◆ Task prompt
Reproduce the entries exactly, but keep the pictures out of the copy.

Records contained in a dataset
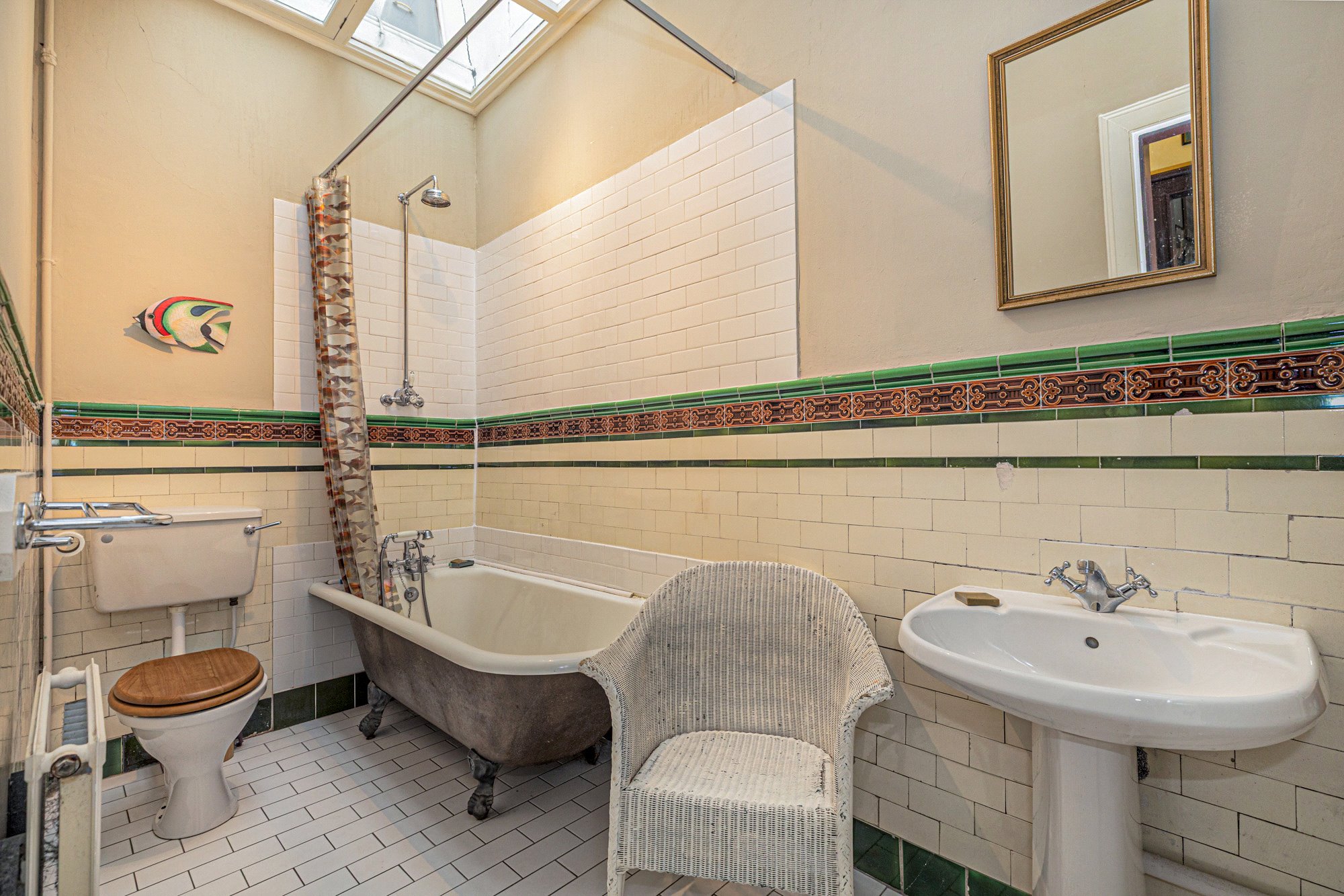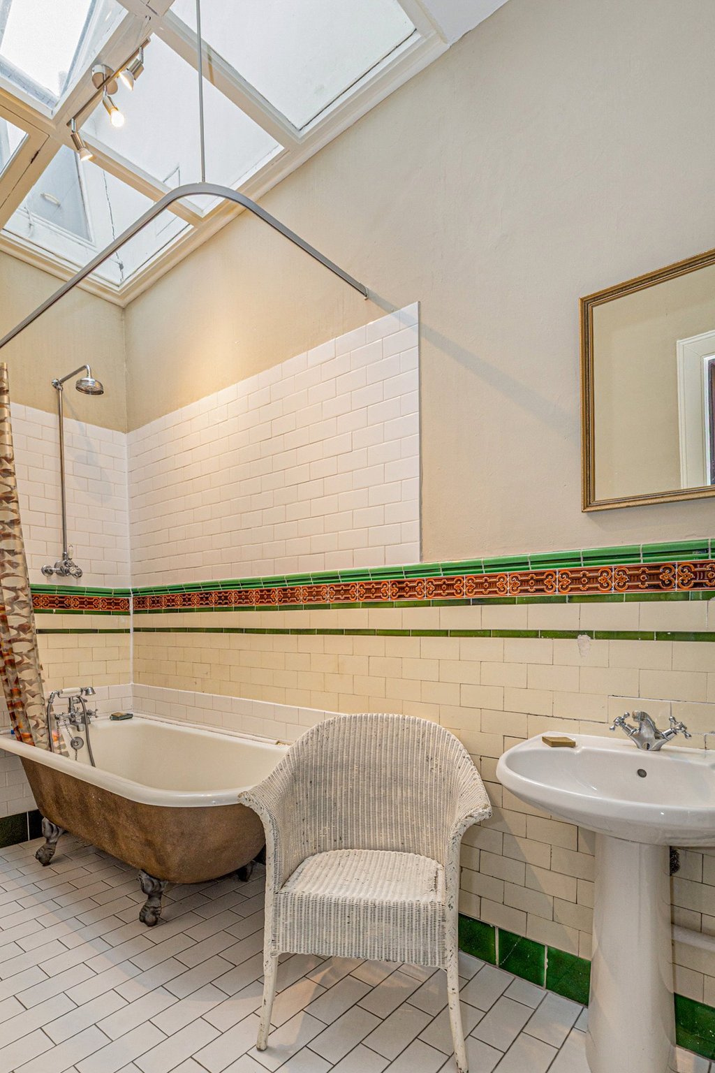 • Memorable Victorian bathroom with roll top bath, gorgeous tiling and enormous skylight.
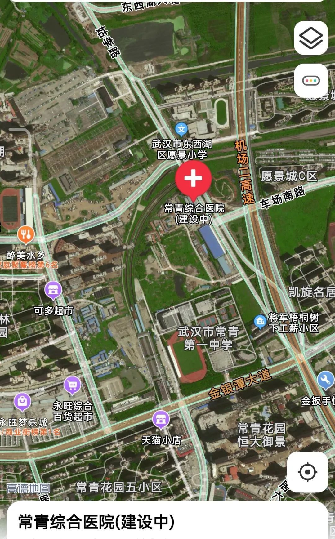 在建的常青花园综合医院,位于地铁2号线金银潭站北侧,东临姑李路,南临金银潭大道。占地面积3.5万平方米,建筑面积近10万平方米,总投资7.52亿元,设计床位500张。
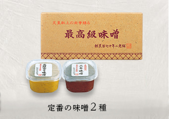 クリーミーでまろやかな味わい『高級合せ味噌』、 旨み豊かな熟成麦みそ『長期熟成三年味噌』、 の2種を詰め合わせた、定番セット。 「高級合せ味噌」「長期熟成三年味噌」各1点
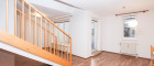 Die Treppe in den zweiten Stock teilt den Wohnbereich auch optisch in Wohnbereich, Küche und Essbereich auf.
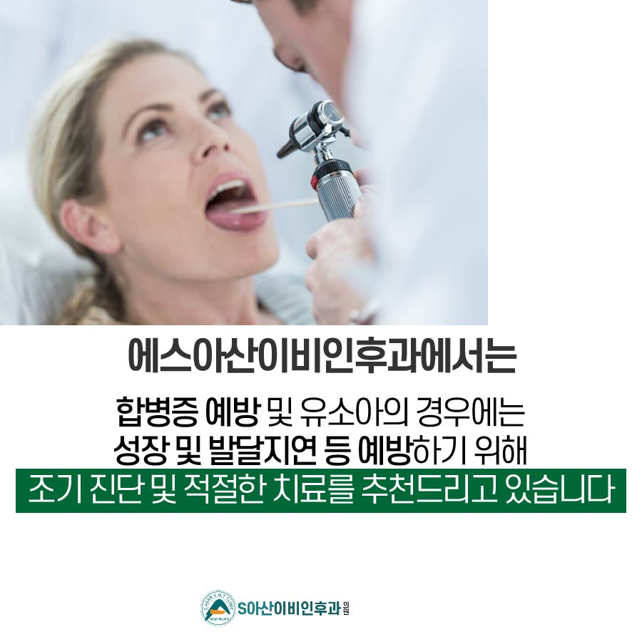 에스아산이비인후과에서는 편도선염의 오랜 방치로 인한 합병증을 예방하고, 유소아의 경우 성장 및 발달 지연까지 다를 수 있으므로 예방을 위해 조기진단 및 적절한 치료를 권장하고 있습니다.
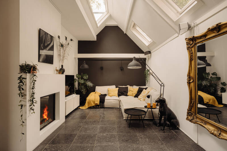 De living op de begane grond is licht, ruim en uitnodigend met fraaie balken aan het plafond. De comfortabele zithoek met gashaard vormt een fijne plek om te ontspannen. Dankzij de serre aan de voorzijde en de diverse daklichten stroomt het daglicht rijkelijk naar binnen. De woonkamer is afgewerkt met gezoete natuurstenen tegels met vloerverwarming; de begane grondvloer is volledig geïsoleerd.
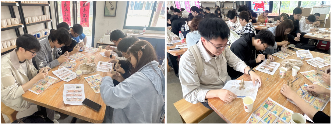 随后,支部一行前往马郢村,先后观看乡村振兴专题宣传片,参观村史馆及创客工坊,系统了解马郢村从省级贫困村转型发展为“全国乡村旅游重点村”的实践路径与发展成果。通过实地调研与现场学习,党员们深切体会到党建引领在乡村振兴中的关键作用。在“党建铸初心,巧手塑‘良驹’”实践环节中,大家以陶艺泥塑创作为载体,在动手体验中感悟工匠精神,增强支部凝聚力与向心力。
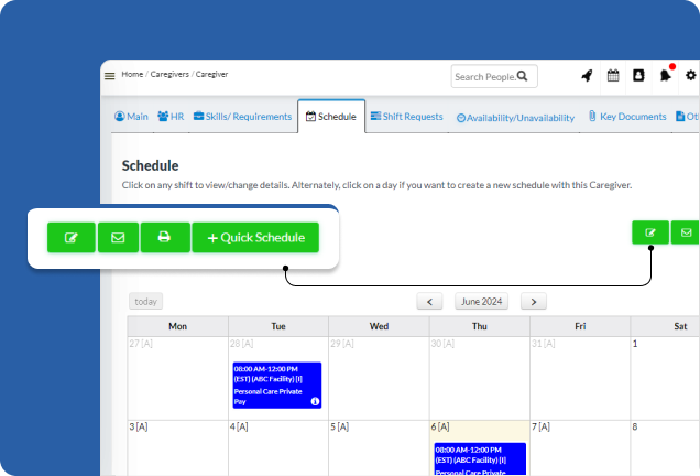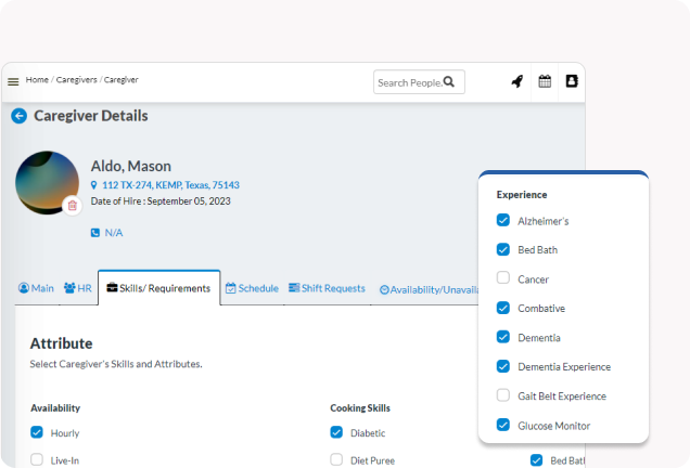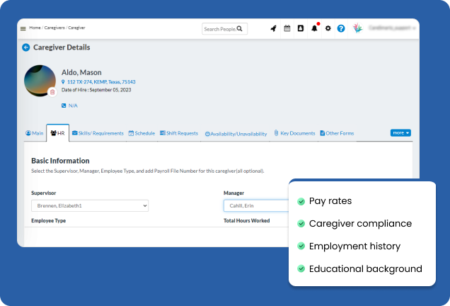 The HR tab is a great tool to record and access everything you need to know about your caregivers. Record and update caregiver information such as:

◆ Answer to the exercise
 • Memorable Victorian bathroom with roll top bath, gorgeous tiling and enormous skylight.
 在建的常青花园综合医院,位于地铁2号线金银潭站北侧,东临姑李路,南临金银潭大道。占地面积3.5万平方米,建筑面积近10万平方米,总投资7.52亿元,设计床位500张。
 クリーミーでまろやかな味わい『高級合せ味噌』、 旨み豊かな熟成麦みそ『長期熟成三年味噌』、 の2種を詰め合わせた、定番セット。 「高級合せ味噌」「長期熟成三年味噌」各1点
 Die Treppe in den zweiten Stock teilt den Wohnbereich auch optisch in Wohnbereich, Küche und Essbereich auf.
 에스아산이비인후과에서는 편도선염의 오랜 방치로 인한 합병증을 예방하고, 유소아의 경우 성장 및 발달 지연까지 다를 수 있으므로 예방을 위해 조기진단 및 적절한 치료를 권장하고 있습니다.
 De living op de begane grond is licht, ruim en uitnodigend met fraaie balken aan het plafond. De comfortabele zithoek met gashaard vormt een fijne plek om te ontspannen. Dankzij de serre aan de voorzijde en de diverse daklichten stroomt het daglicht rijkelijk naar binnen. De woonkamer is afgewerkt met gezoete natuurstenen tegels met vloerverwarming; de begane grondvloer is volledig geïsoleerd.
 随后,支部一行前往马郢村,先后观看乡村振兴专题宣传片,参观村史馆及创客工坊,系统了解马郢村从省级贫困村转型发展为“全国乡村旅游重点村”的实践路径与发展成果。通过实地调研与现场学习,党员们深切体会到党建引领在乡村振兴中的关键作用。在“党建铸初心,巧手塑‘良驹’”实践环节中,大家以陶艺泥塑创作为载体,在动手体验中感悟工匠精神,增强支部凝聚力与向心力。
 The HR tab is a great tool to record and access everything you need to know about your caregivers. Record and update caregiver information such as:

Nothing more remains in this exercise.